E é precisamente esse o objetivo do projeto que junta o INEGI e a multinacional Bosch, que se propõem a responder e antecipar os desafios desta indústria.

Como explica Lucas da Silva, responsável pelo projeto no INEGI, "as placas de circuitos eletrónicos são elementos essenciais para funcionamento de qualquer equipamento eletrónico, e o seu revestimento quer-se duradouro e resistente de modo a proteger os componentes no seu interior”.

Neste plano, os adesivos têm um papel essencial, já que cumprem a função de garantir o isolamento do invólucro. "A exposição das placas a fatores externos gera corrosão nos circuitos, diminuindo a sua vida útil", acrescenta Catarina Borges, investigadora do projeto.

Simplificar a previsão da falha de juntas adesivas é prioridade do projeto

No entanto, a própria junta adesiva, que tem como missão proteger os circuitos eletrónicos, pode também deteriorar-se com a exposição a ambientes severos, nomeadamente quando sujeita à humidade e agentes contaminantes.

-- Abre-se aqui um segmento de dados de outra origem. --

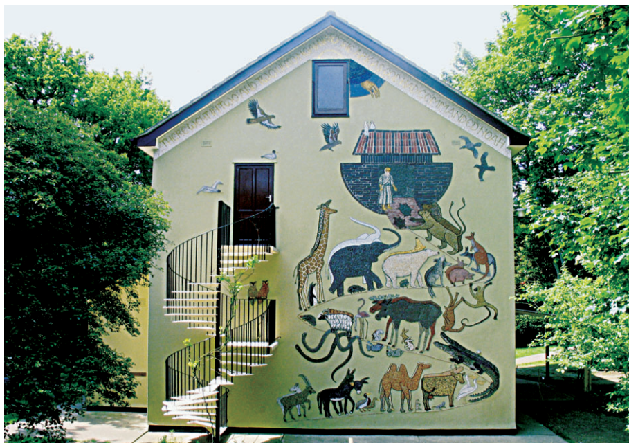
Ψηφιδωτό «Κιβωτός του Νώε». Ανατολική όψη τής Βιβλιοθήκης τής Ι.Μ. Τιμίου Προδρόμου, Essex.

Θέλετε να μας μιλήσετε λίγο για τις σχέσεις σας με τον άγιο Σιλουανό; Πότε και πως άρχισαν;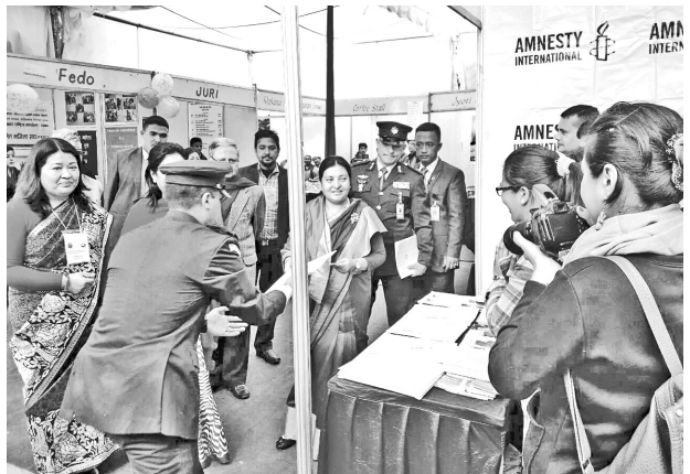
२३ मङ्सिर २०७४, ६९औँ अन्तर्राष्ट्रिय मानवअधिकार दिवसको सन्दर्भमा एम्नेस्टी इन्टरनेसनल नेपालले सञ्चालन गरेको मानवअधिकार सूचना तथा एक्सन डेस्कको राष्ट्रपति विद्यादेवी भण्डारीद्वारा अवलोकन गरिँदै ।

एम्नेस्टी इन्टरनेसनल नेपाल वर्तमान अवस्थासम्म आइपुग्दा विभिन्न ३८ जिल्लामा यसका ७८ भन्दा बढी स्थानीय समूह र ५४ युथ नेटवर्कहरू रहेका छन् । यस संस्थामा हाल (डिसेम्बर २०१९ मा) देशभर करीब ८,००० सदस्यहरू रहेका छन् । ती सदस्य र यस संस्थामा आबद्ध स्थानीय समूह र नेटवर्कहरूले एम्नेस्टी इन्टरनेसनल नेपालको प्राथमिकतामा परेका अभियानहरूलाई स्थानीयकरण (Localization) गर्दै विभिन्न कार्यक्रमहरू गरिरहेका छन् ।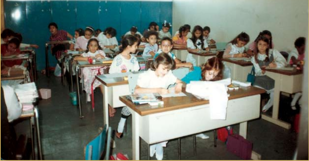
اليوم المفتوح في أحد فصول المرحلة الابتدائية بمبنى مطار جدة القديم

بكرة الخياطة، وبحثت عنها فلم تجدها حتى أحضرتها لها زميلتها في الحجرة المجاورة، وأخبرتها أنها وجدها تتدحرج في حجرتها. في اليوم التالي حضرت المعلمتان إلى مكتبي ترويان لي القصة ضاحكتين، فسألتهما كيف؟! كيف تتدحرج البكرة في حجرة فتصل إلى الحجرة الثانية؟!... توقفنا عن الضحك لأن الإجابة تبدو واضحة، فببساطة إن الأرض، أو سقف الدور السفلي قد هبط، وأصبحت هناك فجوة بين الحائط والأرض تدحرجت من خلالها البكرة ووصلت إلى الحجرة الأخرى... وتضيف: «ذهبت مباشرة إلى الحجرة التي وقعت فيها تلك الحادثة، واستدعيت لجنة من المهندسين الذين أفادوا بأن المبنى (آيل للسقوط)، ولا بد من إخلاء هذا الطابق. كنا - آنذاك - في منتصف العام الدراسي مقبلات على الامتحانات النصفية، وعلينا أن نتخذ قراراً سريعاً».

A contaminação com água ou outros resíduos "altera as propriedades mecânicas da junta adesiva, enfraquece a ligação, e resulta em áreas descoladas entre adesivo e aderente. Efeitos que tendem a resultar na rotura total da junta adesiva, muitas vezes de forma imprevisível”, afirma Catarina Borges.

Compreender a mecânica de juntas adesivas e prever o seu comportamento nestes contextos é, porém, de alta importância para os fabricantes. Quanto mais fiáveis e precisas forem as técnicas preditivas, mais fácil será para os fabricantes projetar a solução ideal para uma aplicação específica.

Para responder a este desafio, a equipa de especialistas do INEGI, em parceria com a alemã Bosch, está a desenvolver um método numérico para simular o efeito da humidade e contaminação em juntas adesivas. Em mira têm a criação de "processos de simples aplicação em contexto industrial, para determinar se uma junta tem um comportamento satisfatório quando exposta a condições exigentes”.